The Ritz’s grandest restaurant l’Espadon, closed during the Covid Pandemic, and will open next September with Béziat in charge of the kitchen. At her restaurant La Flibuste in the Alpes-Maritimes, the 38-year-old Béziat was noted for her audacious recipes such as red mullet, helicryse, carrot tops and artichoke with cocoa. Currently, the Ritz’s main restaurant is the Brassiere Vendome, near its front door on the square of the same name.
FN: What was you brief with Frame?
NB: The brief was to keep the spirit of grand classic, but with a twist of their modernity and expertise in producing clothes. This is why there is cashmere and expensive fabrics. And to find a creative twist from hospitality, like on the back of the sweatshirt where it reads, Junior Suite. Keeping the color codes of the Ritz - navy blue, white and our burgundy, which is in our Vendome restaurant.
FN: What was your retail plan for the collab’?

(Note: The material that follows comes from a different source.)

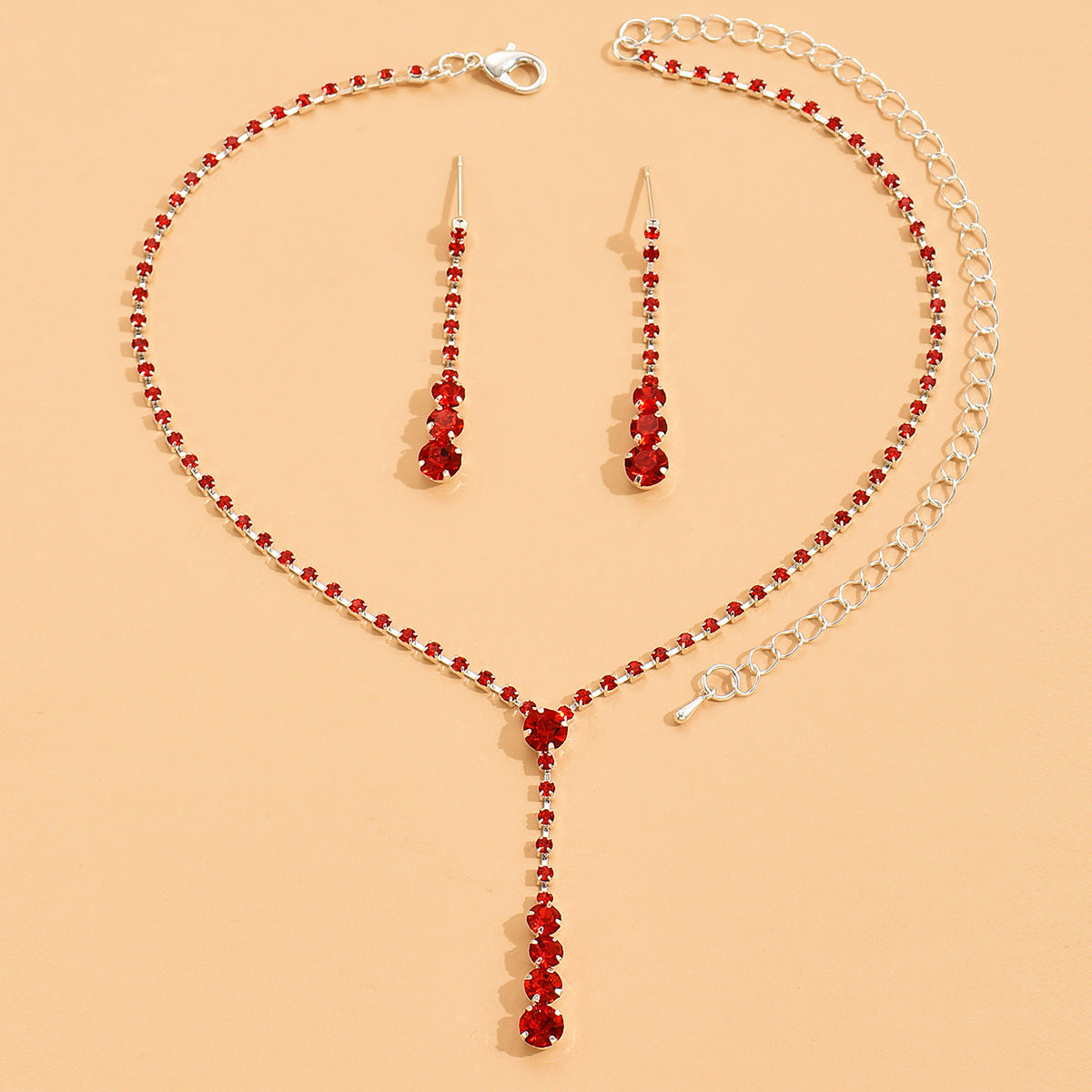 UNI-11372 - Maroon Red Crystal Dimond's Gold - Jewelry Set

NB: First, the collection sold in Frame boutiques and partners, and in our little concept store here in the Ritz. Plus, they have a distribution network we appreciated. Now, with this second collection we have been very nicely exposed in Frame boutiques. I was in New York for its fashion week, and we had big windows in Frames three stores, on Madison, in Soho and in the Meatpacking District, and in their big corner in Bergdorf Goodman.
FN: What is the business arrangement?
NB: It is a license, and they pay us a percentage of sales. Which is great and we love it. They listen to us, and we discuss our ideas. And they absolutely respect our concept.
FN: Revenues and sales?
NB: I cannot tell you, but I think it has been very good for Frame. But, sales wise we are talking about several tens of millions in revenue.

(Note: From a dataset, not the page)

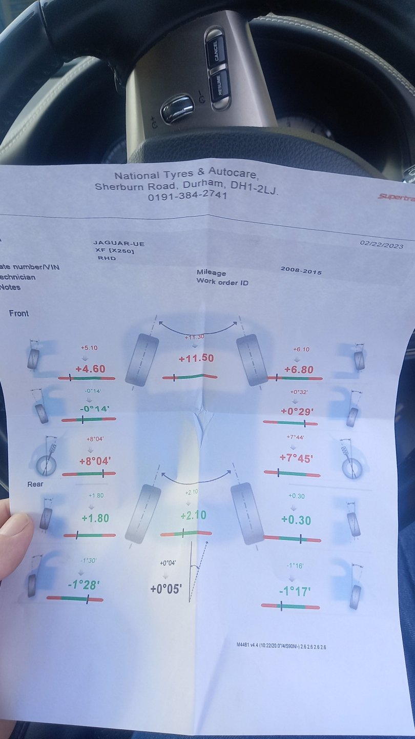 Please please please let the non shedding tyres arrive.... So far the jags front tyres have covered 2700 miles from new on 1st December and they are shagged... Got tracking checked yesterday and ... Yes while it is out massively for the toe settings everything else doesn't seem too bad and it doesn't pull from straight ahead in a hands off situation. Yes it was my own fault for not getting it tracked in December after the last set only lasted 8k miles before they were totaled from April to December. And expensive lesson learnt

FN: From a brand building point of view, what is your next move?
NB: We are now developing with the Ritz different activities out of this building. We will open the first ever Ritz boutique in Doha, in Galeries Lafayette on October 6. It will sell the full universe of The Ritz – tableware, robes, linen, fragrance, candles and teddy bears! Our new line of candles in porcelain will retail for 280 euros, with Haviland from Limoges, with whom they have worked since 1898, the year the hotel opened.
FN: Would you ever build another Ritz?
NB: Yes, we are working on it right now. We are looking at possible locations. Not in America, as there is the Ritz Carlton. Maybe in Asia, maybe in Tokyo. We don’t know yet but we are working on it. Voila!
FN: What is the annual turnover of the Ritz?
NB: What do you think?
FN: Depends on how many rooms you have?
NB: We have 140 rooms, but they are not all rooms, but many suites and half suites. And, we have the restaurant and the salons to rent.
FN: So, about 300 million euros?
FN: Is any hotel as good as the Ritz?
NB: No, we are an icon. And in terms of performance, we are the best. In terms of per key rate, we are the very best.